Why? Because obtaining comparative effectiveness information costs money, too. To get a preliminary estimate of the benefit/cost ratio of comparative effectiveness research, the CBO used as its starting point a 2008 bill in the House of Representatives which would have established a Center for Comparative Effectiveness Research. The CBO calculated that the new Center's outlays would amount to $2.4 billion over 10 years. Then the CBO estimated that Medicare and Medicaid would save a total of $1.3 billion through reduced expenditures as a result of the comparative clinical effectiveness research. Spending money on comparative effectiveness research would cost $1.1 billion more than it saves the federal government over the next ten years. These amounts are tiny in comparison to the $2.3 trillion that Americans spent on health care in 2007.

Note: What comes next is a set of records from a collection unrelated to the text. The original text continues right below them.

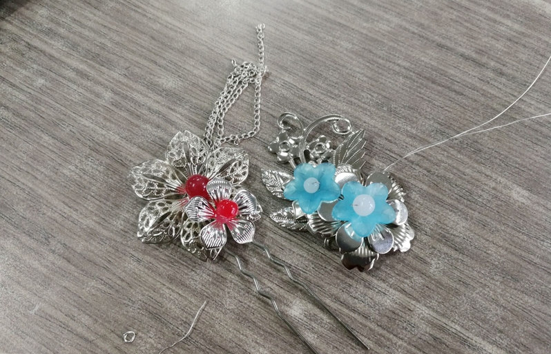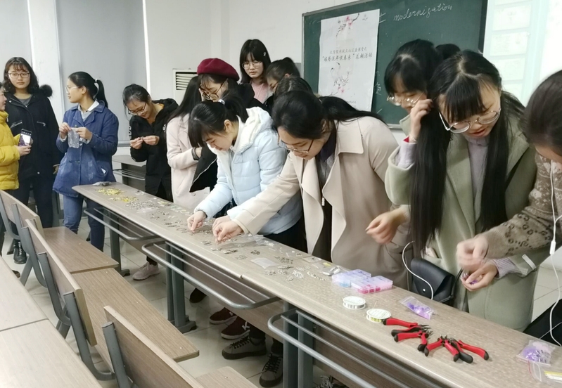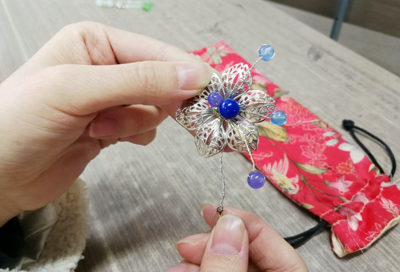 之后是动手环节。同学们首先拿出挑选好的材料,将材料按照脑中构想的画面摆放整理。接着,大家拿出金银铜丝,将各式各样的花片、彩珠缠绕固定在簪子的主体上。志愿者们也时不时走到大家身边,一边提供工具,一边进行技术指导。一开始,同学们的技术颇为生涩,时不时能听到珠石不小心坠地弹跳的声音。渐渐的,大家都得心应手起来,珠宝钳运用熟练,串珠缠丝也动作利落。
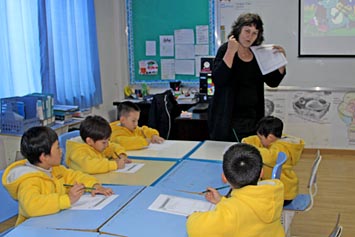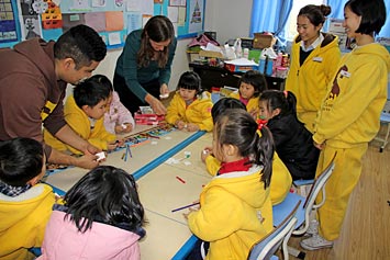 2014年3月5日,來自宋慶齡國際幼兒園的25位大班小朋友、廖園長以及幾位老師來到我校國際項目部參觀、學習。25位小朋友被分為兩組,分別進入Roxanne Price老師和Rebecca Roebig老師的教室聽課。Price老師教孩子們英文兒歌、與孩子們一起做游戲、并指導孩子們在紙上作畫。Roebig老師引導孩子們用英文表達不同的顏色、識別英文的大小寫等。之后,蔡老師與李老師帶同學們參觀校園,還為孩子們頒發(fā)了紀念品。今天孩子們感到非常興奮,因為這是他們人生第一次對小學有印象。我們相信孩子們回家后會給他們的父母講他們到成都美視師一學校參觀學習的所見所聞,這將成為他們人生中難忘的記憶。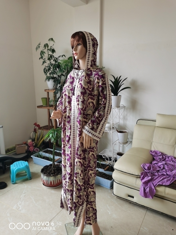 外贸中东阿拉伯非洲穆斯林镶花边带帽女士印花大袍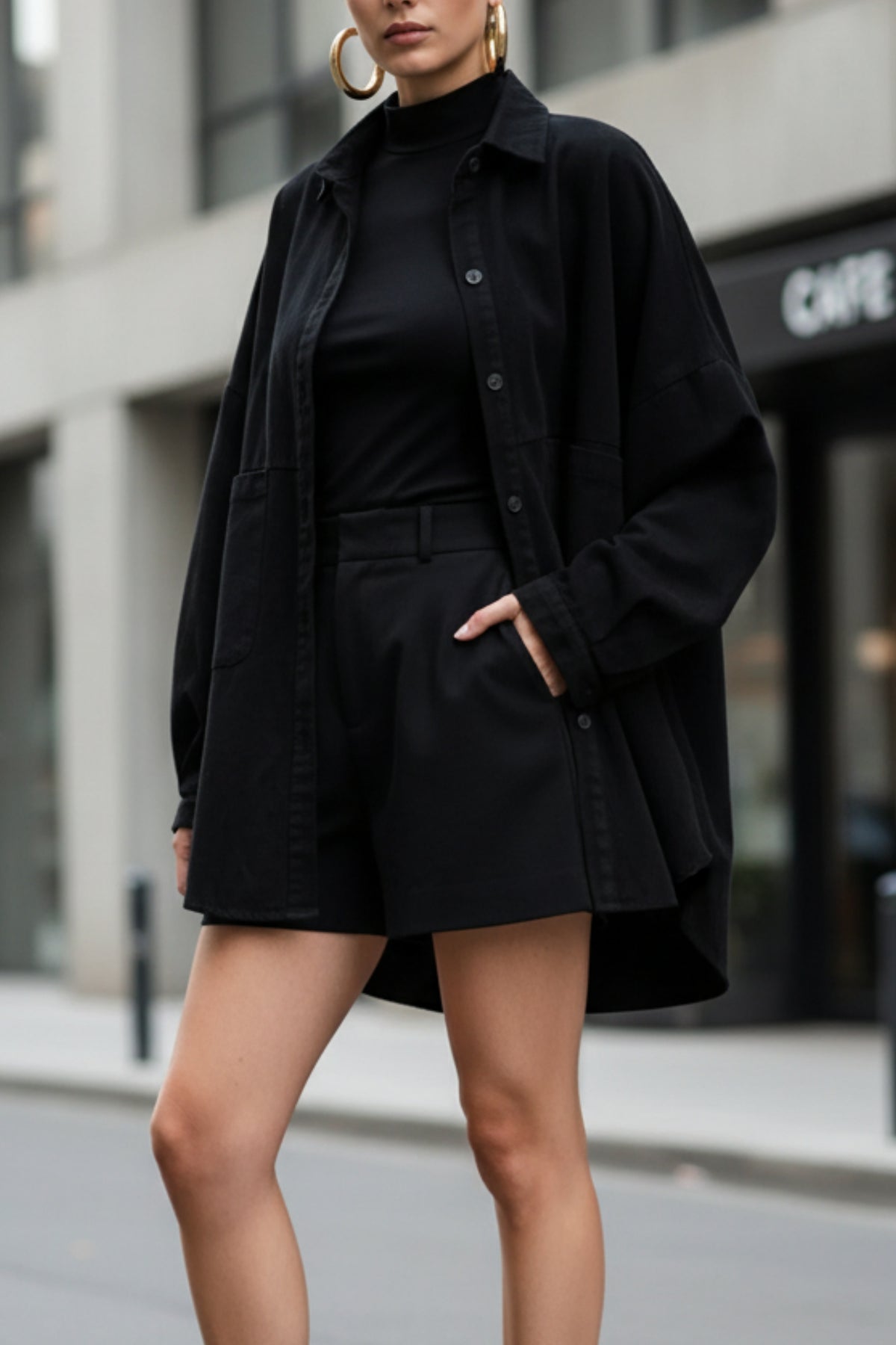“The shacket features a stylish oversized fit, offering both comfort and a modern silhouette.”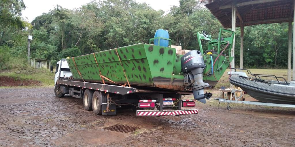 Nesta sexta-feira (18), durante diligência no lago de itaipu equipe integrada por policiais federais e policiais militares do BPFRON percebeu movimentação suspeita em porto clandestino da região e resolveu acompanhar a movimentação daquele local.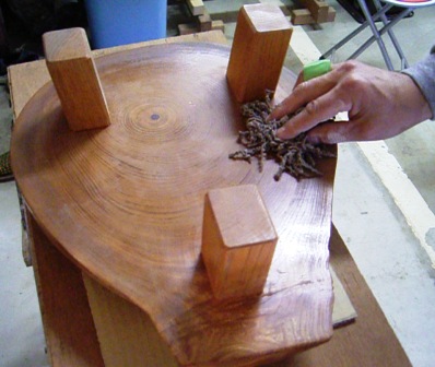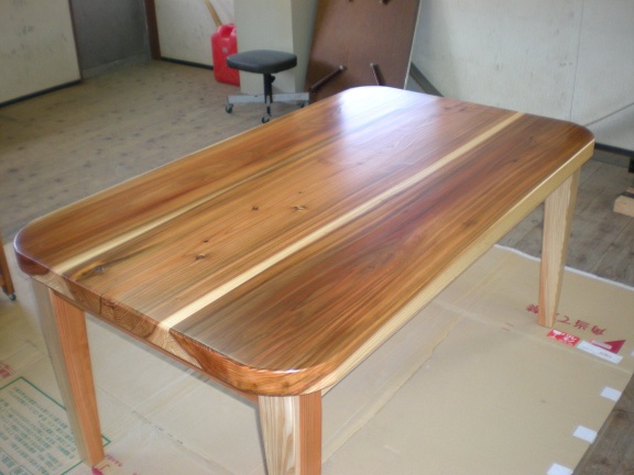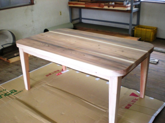 ▼工程順序 サンダーやペーパによる天板の木地調整 →柿渋下地 →漆塗り(生漆使用) →漆拭き(余分な漆を除去すると共に、素地に漆をよく摺りこみます) →ペーパー処理(から砥ぎ用のペーパーで、漆表面の研ぎを行います) ※漆塗り、漆拭き(漆を素材によく馴染ませながら摺りこみます)ペーパー処理の工程は 仕上がりの状態を確認しながら繰り返し行います。 |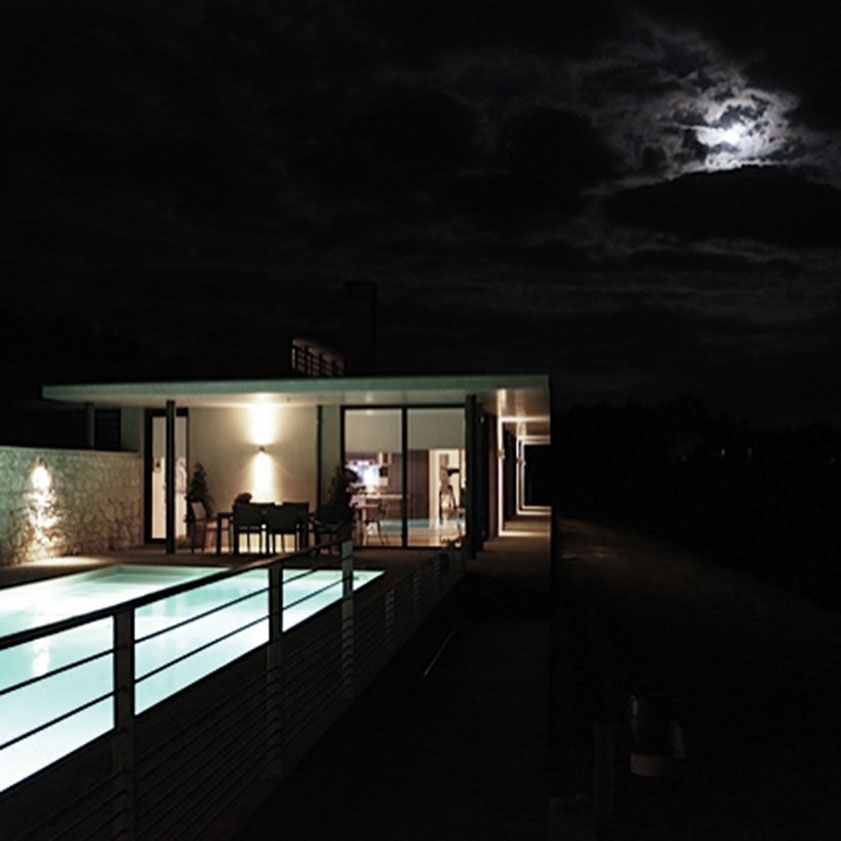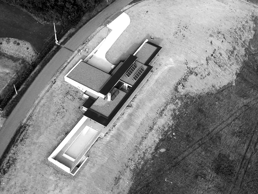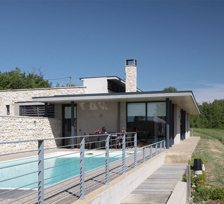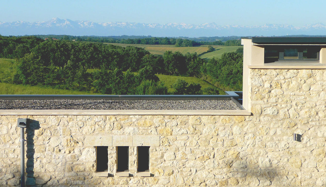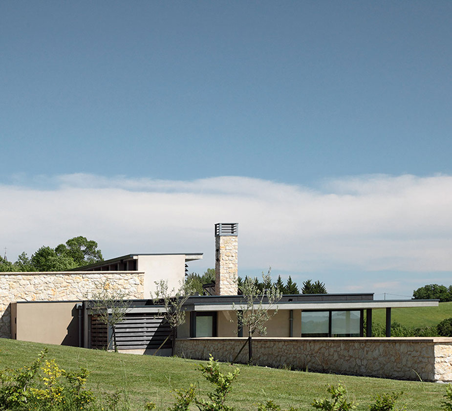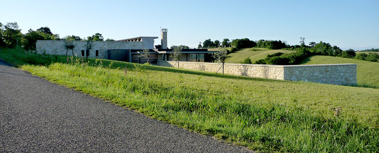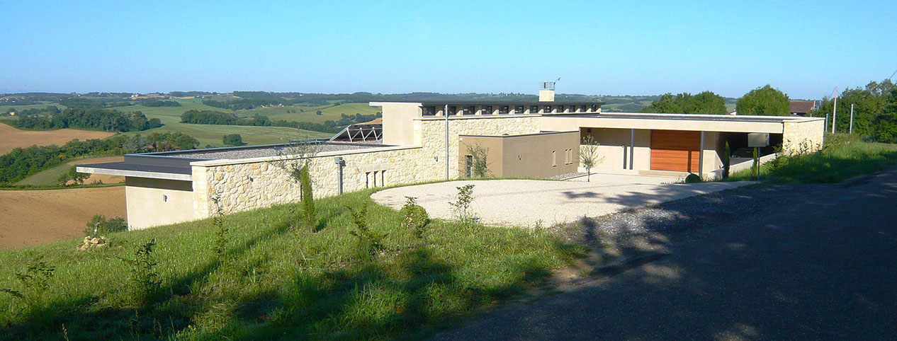 Cette maison individuelle s’inscrit dans un site de grande qualité paysagère. Le terrain, situé à l’Ouest du village, à flanc de coteau, bénéficie de très belles vues dégagées sur le « grand paysage », les Pyrénées. Le programme comprend une maison d’habitation type 4 avec deux garages et une piscine. Le Maître d’Ouvrage souhaitait une architecture contemporaine discrète, respectueuse du site et s’inscrivant dans une démarche de développement durable (choix de matériaux locaux, utilisation d’énergies renouvelables…).

The CBO concludes, "Generating additional information comparing treatments would tend to reduce federal health spending somewhat in the near term—but the effect may not be large enough to offset the full costs of conducting the research over the same period of time." In other words, determining comparative clinical effectiveness—determining that certain treatments are better others—simply will not result in big health care savings.

Besides being an ineffective waste of money, the new bureaucracy could well slow down patient access to new drugs. Come to think of it, that might save the feds some money.